| Discurso
pronunciado em 2 de setembro de 1968
Sr.Presidente, Srs. Deputados,
Todos reconhecem ou dizem reconhecer que a maioria das forças armadas
não compactua com a cúpula militarista que perpetra violências
e mantém este país sob regime de opressão. Creio
ter chegado, após os acontecimentos de Brasília, o grande
momento da união pela democracia. Este é também o
momento do boicote. As mães brasileiras já se manifestaram.
Todas as classes sociais clamam por este repúdio à polícia.
No entanto, isto não basta. É preciso que se estabeleça,
sobretudo por parte das mulheres, como já começou a se estabelecer
nesta Casa, por parte das mulheres parlamentares da ARENA, o boicote ao
militarismo. Vem aí o 7 de setembro. As cúpulas militaristas
procuram explorar o sentimento profundo de patriotismo do povo e pedirão
aos colégios que desfilem junto com os algozes dos estudantes.
Seria necessário que cada pai, cada mãe , se compenetrasse
de que a presença dos seus filhos nesse desfile é o auxílio
aos carrascos que os espancam e os metralham nas ruas. Portanto, que cada
um boicote esse desfile. Esse boicote pode passar também, sempre
falando de mulheres, às moças. Aquelas que dançam
com cadetes e namoram jovens oficiais. Seria preciso fazer hoje, no Brasil,
que as mulheres de 1968 repetissem as paulistas da Guerra dos Emboabas
e recusassem a entrada à porta de sua casa àqueles que vilipendiam-nas.
Recusassem aceitar aqueles que silenciam e, portanto, se acumpliciam.

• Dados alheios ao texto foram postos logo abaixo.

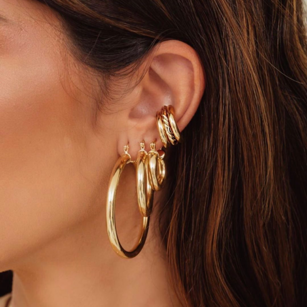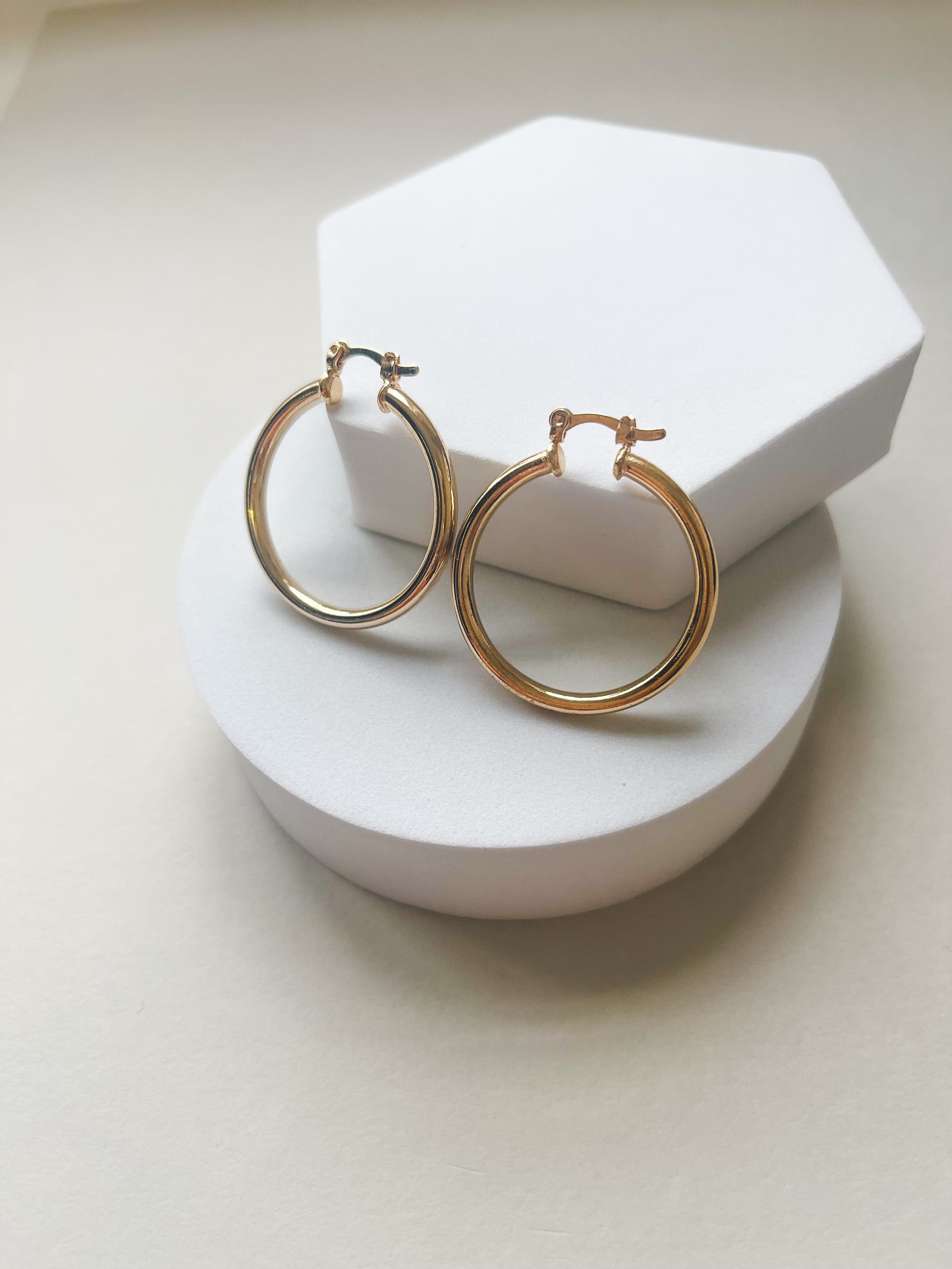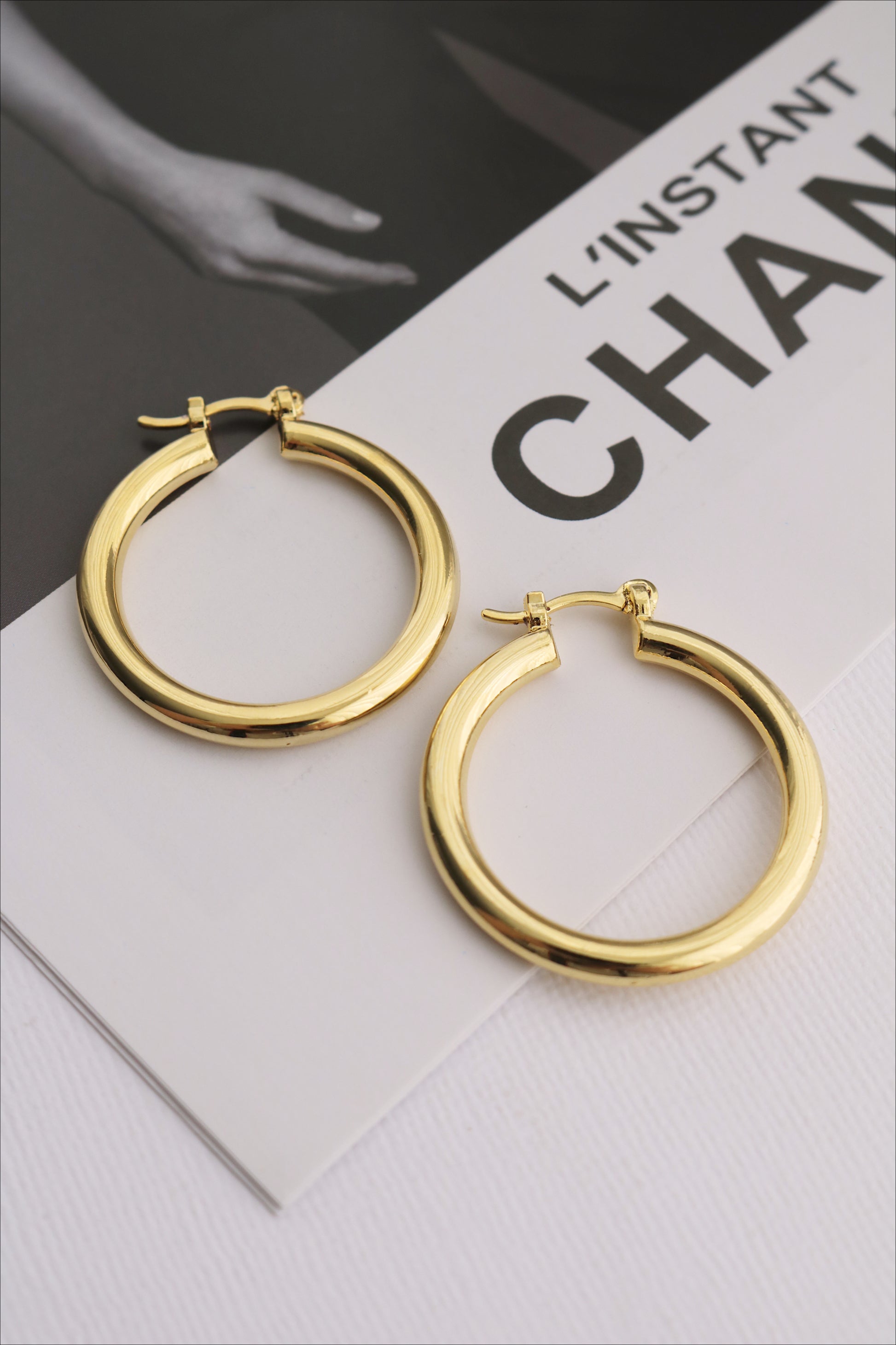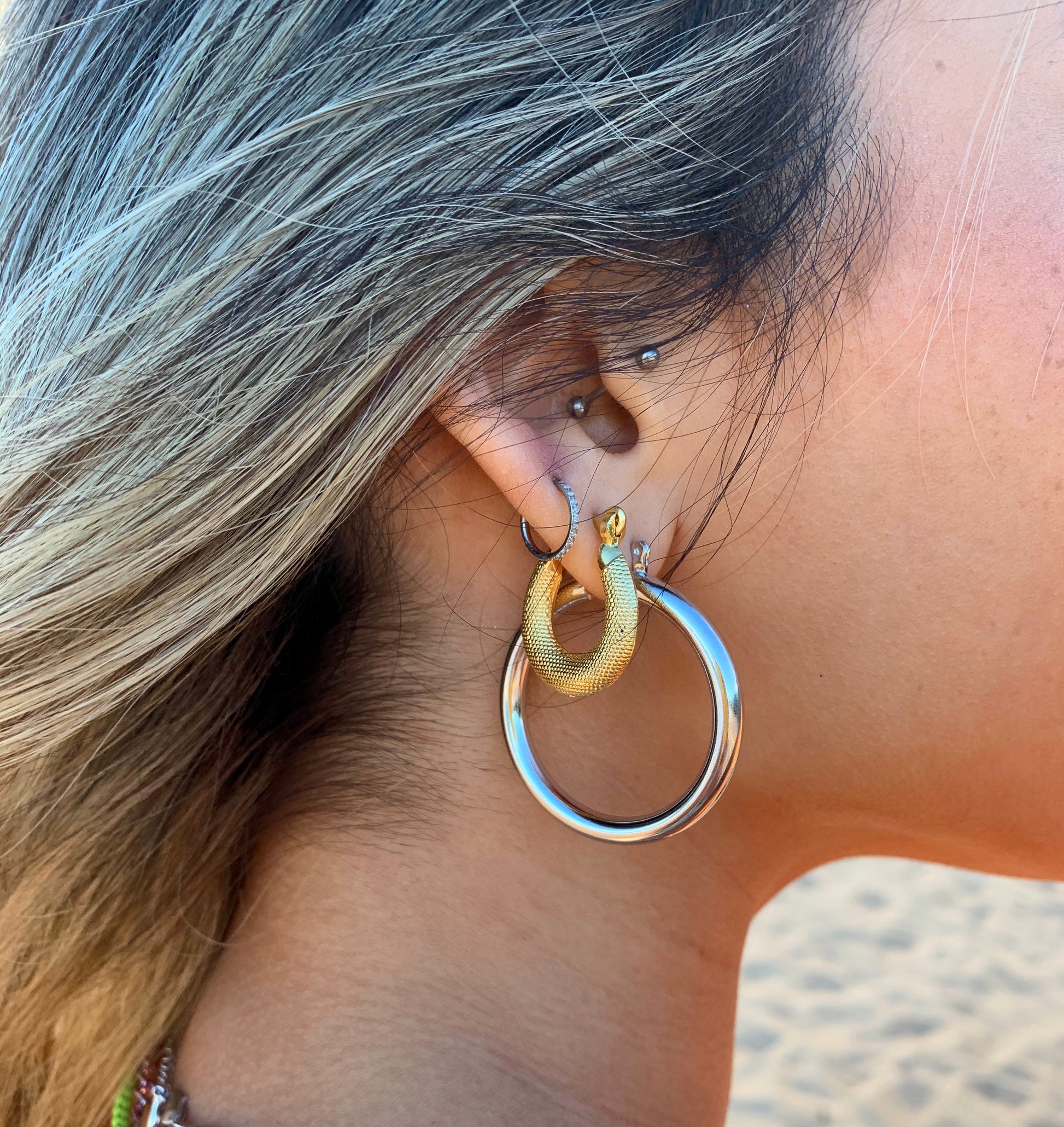 Tamanho médio. Brinco no formato de argola fechada com fecho em Click italiano (abre e fecha).

Discordar em silêncio pouco adianta. Necessário se torna
agir contra os que abusam das forças armadas, falando e agindo
em seu nome. Creia-me Sr. Presidente, que é possível resolver
esta farsa, esta democratura, este falso impedimento pelo boicote. Enquanto
não se pronunciarem os silenciosos, todo e qualquer contato entre
os civis e militares deve cessar, porque só assim conseguiremos
fazer com que este país volte à democracia. Só assim
conseguiremos fazer com que os silenciosos que não compactuam com
os desmandos de seus chefes, sigam o magnífico exemplo dos 14 oficiais
de Crateús que tiveram a coragem e a hombridade de, publicamente,
se manifestarem contra um ato ilegal e arbitrário dos seus superiores.